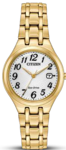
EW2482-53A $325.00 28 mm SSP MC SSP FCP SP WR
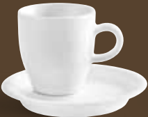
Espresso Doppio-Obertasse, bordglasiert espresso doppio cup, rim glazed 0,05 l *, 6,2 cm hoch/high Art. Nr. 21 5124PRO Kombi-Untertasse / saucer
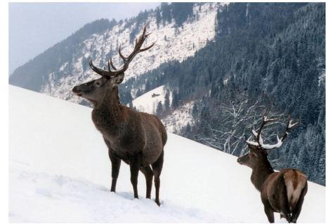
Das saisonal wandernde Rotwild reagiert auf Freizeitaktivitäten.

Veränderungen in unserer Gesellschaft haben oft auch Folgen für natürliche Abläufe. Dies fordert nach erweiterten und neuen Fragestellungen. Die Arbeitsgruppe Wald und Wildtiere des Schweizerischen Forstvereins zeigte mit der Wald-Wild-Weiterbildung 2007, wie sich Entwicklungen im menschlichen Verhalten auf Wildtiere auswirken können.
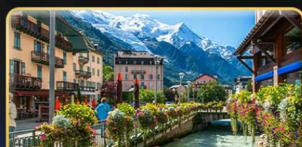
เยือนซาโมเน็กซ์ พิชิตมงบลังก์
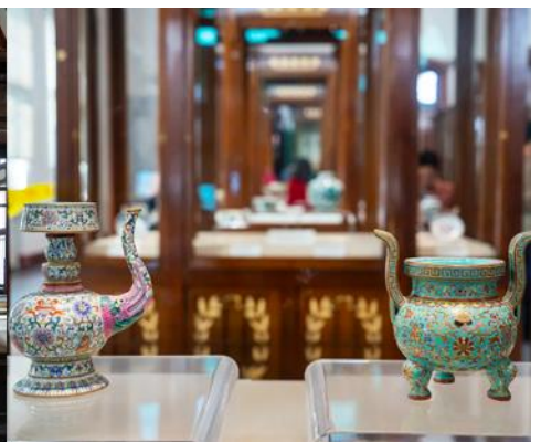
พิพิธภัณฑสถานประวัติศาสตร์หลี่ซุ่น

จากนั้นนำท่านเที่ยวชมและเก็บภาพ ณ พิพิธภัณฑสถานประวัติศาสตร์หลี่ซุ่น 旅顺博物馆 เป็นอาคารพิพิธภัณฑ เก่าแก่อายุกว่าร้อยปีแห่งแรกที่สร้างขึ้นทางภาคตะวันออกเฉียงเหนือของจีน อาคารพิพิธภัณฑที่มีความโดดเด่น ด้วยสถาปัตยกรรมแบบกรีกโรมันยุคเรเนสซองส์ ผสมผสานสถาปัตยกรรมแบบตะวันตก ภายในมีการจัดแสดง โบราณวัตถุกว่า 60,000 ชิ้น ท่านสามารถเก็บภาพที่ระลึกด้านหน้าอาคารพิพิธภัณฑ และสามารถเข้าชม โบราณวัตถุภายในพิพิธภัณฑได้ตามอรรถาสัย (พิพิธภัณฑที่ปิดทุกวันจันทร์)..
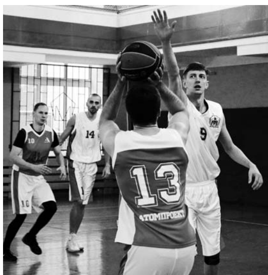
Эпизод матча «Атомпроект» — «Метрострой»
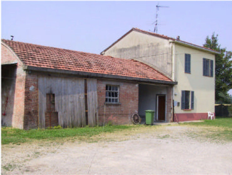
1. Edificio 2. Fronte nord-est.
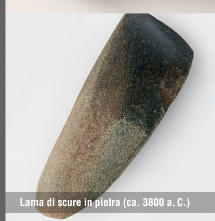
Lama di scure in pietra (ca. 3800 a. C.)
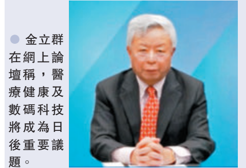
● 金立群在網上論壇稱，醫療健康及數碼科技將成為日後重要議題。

|---|

An exact transcription of all the entries is required, without the pictures.

EW2482-53A $325.00 28 mm SSP MC SSP FCP SP WR
Espresso Doppio-Obertasse, bordglasiert espresso doppio cup, rim glazed 0,05 l *, 6,2 cm hoch/high Art. Nr. 21 5124PRO Kombi-Untertasse / saucer
Das saisonal wandernde Rotwild reagiert auf Freizeitaktivitäten.

Veränderungen in unserer Gesellschaft haben oft auch Folgen für natürliche Abläufe. Dies fordert nach erweiterten und neuen Fragestellungen. Die Arbeitsgruppe Wald und Wildtiere des Schweizerischen Forstvereins zeigte mit der Wald-Wild-Weiterbildung 2007, wie sich Entwicklungen im menschlichen Verhalten auf Wildtiere auswirken können.
เยือนซาโมเน็กซ์ พิชิตมงบลังก์
พิพิธภัณฑสถานประวัติศาสตร์หลี่ซุ่น

จากนั้นนำท่านเที่ยวชมและเก็บภาพ ณ พิพิธภัณฑสถานประวัติศาสตร์หลี่ซุ่น 旅顺博物馆 เป็นอาคารพิพิธภัณฑ เก่าแก่อายุกว่าร้อยปีแห่งแรกที่สร้างขึ้นทางภาคตะวันออกเฉียงเหนือของจีน อาคารพิพิธภัณฑที่มีความโดดเด่น ด้วยสถาปัตยกรรมแบบกรีกโรมันยุคเรเนสซองส์ ผสมผสานสถาปัตยกรรมแบบตะวันตก ภายในมีการจัดแสดง โบราณวัตถุกว่า 60,000 ชิ้น ท่านสามารถเก็บภาพที่ระลึกด้านหน้าอาคารพิพิธภัณฑ และสามารถเข้าชม โบราณวัตถุภายในพิพิธภัณฑได้ตามอรรถาสัย (พิพิธภัณฑที่ปิดทุกวันจันทร์)..
Эпизод матча «Атомпроект» — «Метрострой»
1. Edificio 2. Fronte nord-est.
Lama di scure in pietra (ca. 3800 a. C.)
● 金立群在網上論壇稱，醫療健康及數碼科技將成為日後重要議題。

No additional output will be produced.